WHAT IS EXPECTED
Pictures stay out of this copy; please retype only the lines from the start of the records through the line with "Korpus aus 925er".

BEGIN

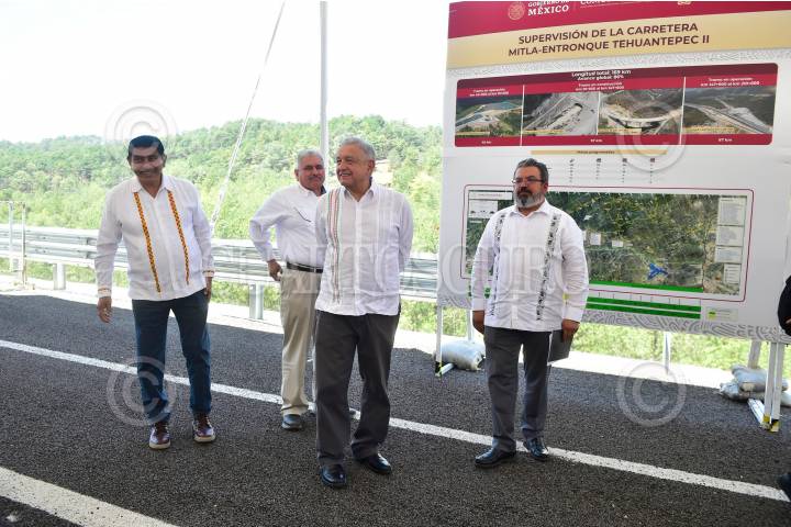Andrés Manuel López Obrador, presidente de México, encabezó la supervisión de obras de la autopista de Oaxaca al Istmo de Tehuantepec.
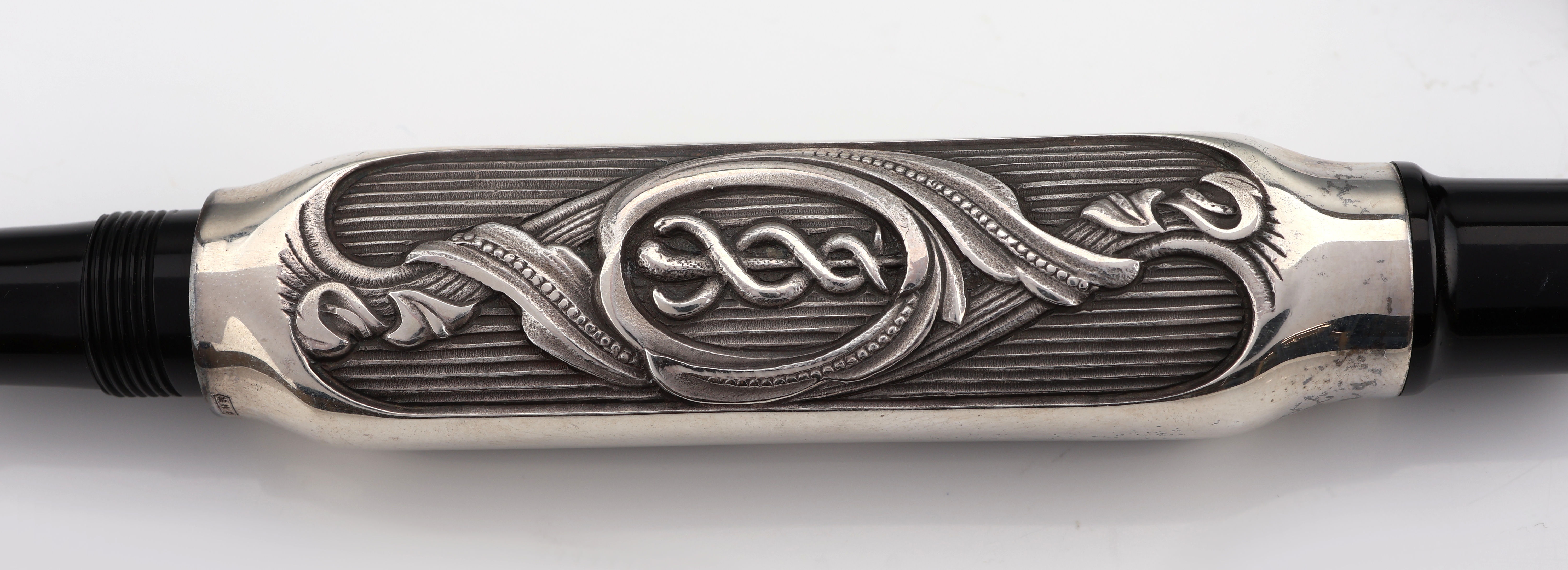Korpus aus 925er Silber mit Aeskulap Symbol, gegenüberliegende Seite mit Jugendstil-
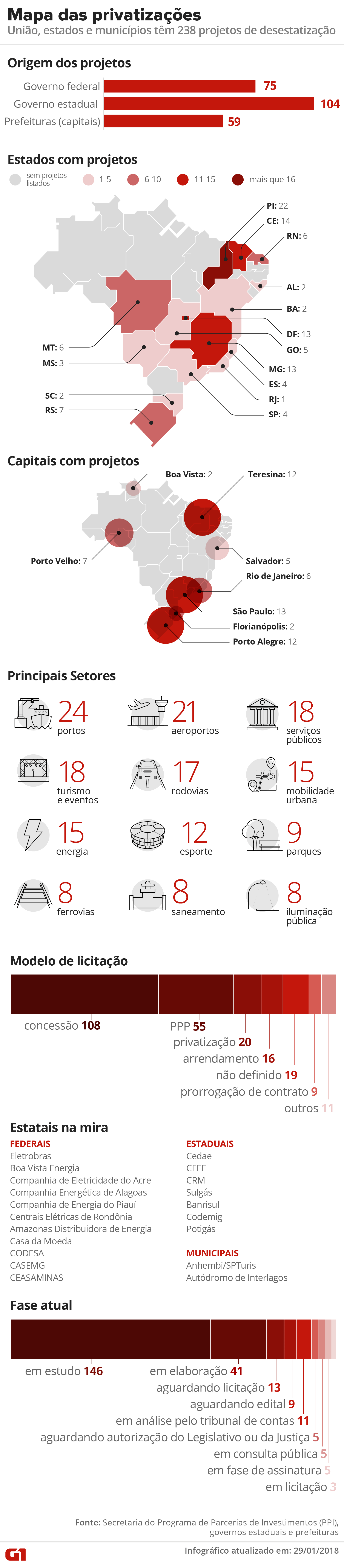 PORTAL G1. 30/01/2018. PRIVATIZAÇÕES 2018. União, estados e capitais somam mais de 230 projetos de privatização no Brasil. Levantamento do G1 lista projetos do governo federal, de 14 estados e DF, e de 8 capitais oferecidos à iniciativa privada; venda de ativos é um dos caminhos para aumentar receitas em meio à crise fiscal.
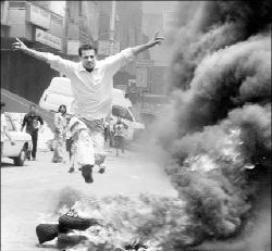 ENFRENTAMIENTOS EN BEIRUT  Libaneses protestaron ayer contra el alza de los precios de la gasolina y organizaron demostraciones en los suburbios de Beirut, encendiendo llantas y lanzando piedras a la policía, que disparó contra los manifestantes y mató a tres durante una de las protestas FOTO AFP
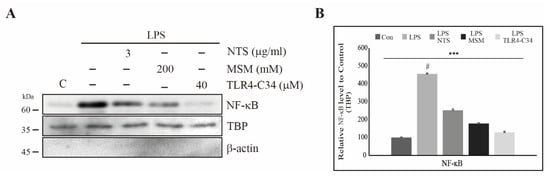 Sulfur compounds inhibited the LPS-induced nuclear accumulation of NF-κB. (A) Western blotting analysis of nuclear extracts harvested from CCD-986Sk cells treated with 3 µg/mL NTS or 200 mM MSM or 40 µM TLR4 inhibitor (TLR4-C34) for 48 h showing the inhibition of 10 ng/mL LPS-induced nuclear translocation of NF-κB. (B) Protein expression after NTS, MSM, and TLR4-C34 treatment were determined by densitometry and normalized to TBP. Data are representative of three independent experiments. *** p < 0.001 (ANOVA test). # The mean difference was significant at the 0.001 level.
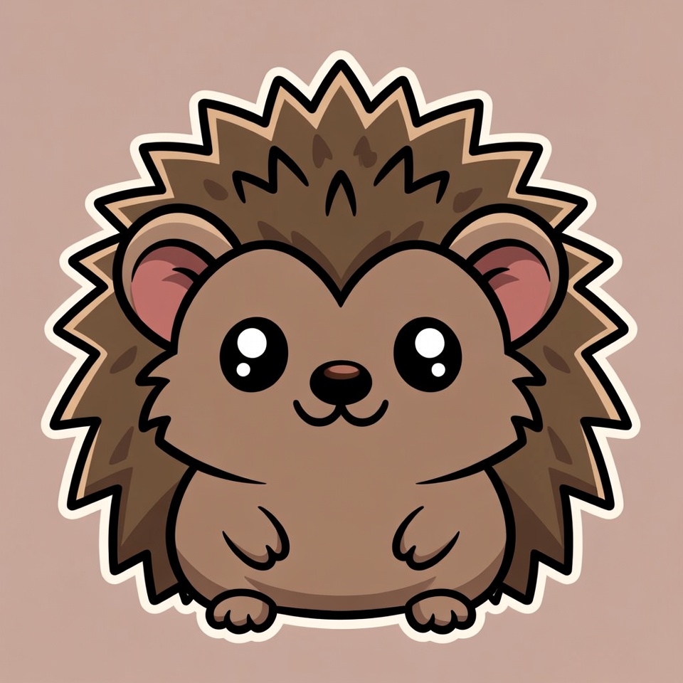 A kawaii-style cartoon hedgehog with brown spiky quills and big shiny eyes smiles happily. It has small pink ears, a tiny nose, and stubby paws on a plain beige background. The illustration features bold black outlines and a chibi design.

END

SOLUTION FOR THIS PROBLEM
Andrés Manuel López Obrador, presidente de México, encabezó la supervisión de obras de la autopista de Oaxaca al Istmo de Tehuantepec.
Korpus aus 925er Silber mit Aeskulap Symbol, gegenüberliegende Seite mit Jugendstil-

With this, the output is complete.